PROVIDED MATERIAL:
>>>>

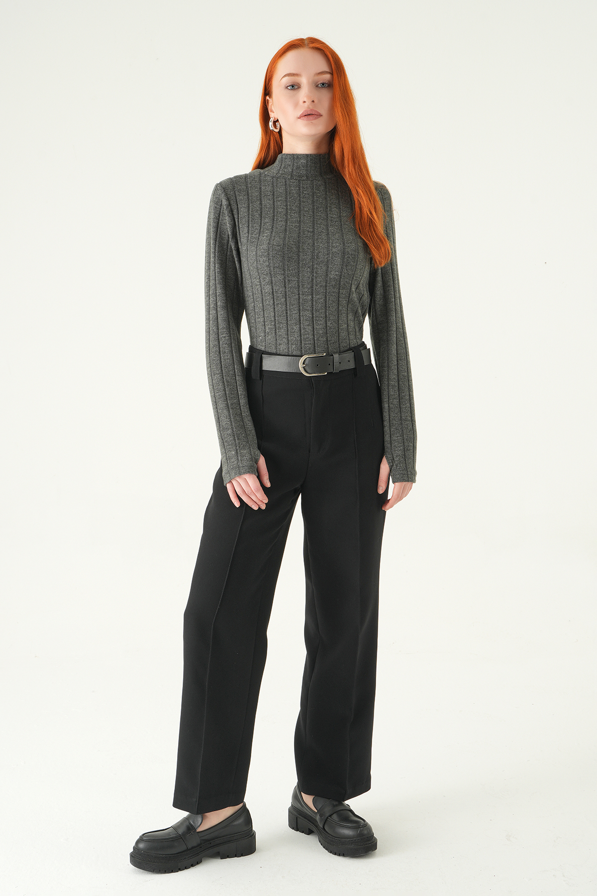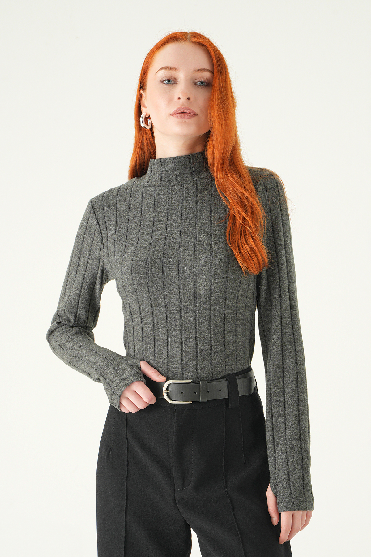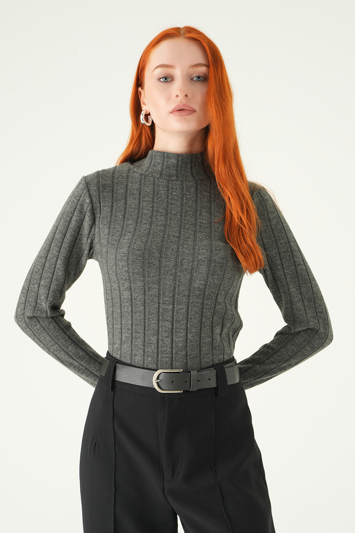 Antrasit Balıkçı Yaka Uzun Kol Bluz 8361A
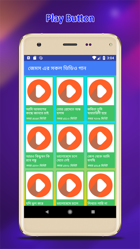 🔹 জেমস এর সকল গানের ভিডিও অ্যাপটির ভিডিও চালানোর জন্য ইন্টারনেট সংযোগের প্রয়োজন হবে।
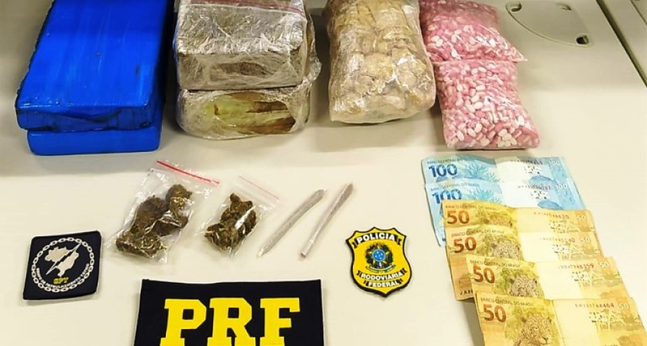 A mercadoria estava na mochila de um dos passageiro de um Hyundai/HB20, placas de Tubarão. Os policiais encontraram 2.131 comprimidos de ecstasy, 2,13 quilos de cocaína, 2,12 quilos de maconha, um quilo de crack, 10 gramas de skunk e ainda R$ 400 em dinheiro.

<<<<

WHAT YOU ARE ASKED TO DO: No pictures belong in the answer, only the lines from the top of the listing through the line containing "সংযোগের প্রয়োজন হবে।", repeated word for word.

RESPONSE TO THIS EXERCISE:
 Antrasit Balıkçı Yaka Uzun Kol Bluz 8361A
 🔹 জেমস এর সকল গানের ভিডিও অ্যাপটির ভিডিও চালানোর জন্য ইন্টারনেট সংযোগের প্রয়োজন হবে।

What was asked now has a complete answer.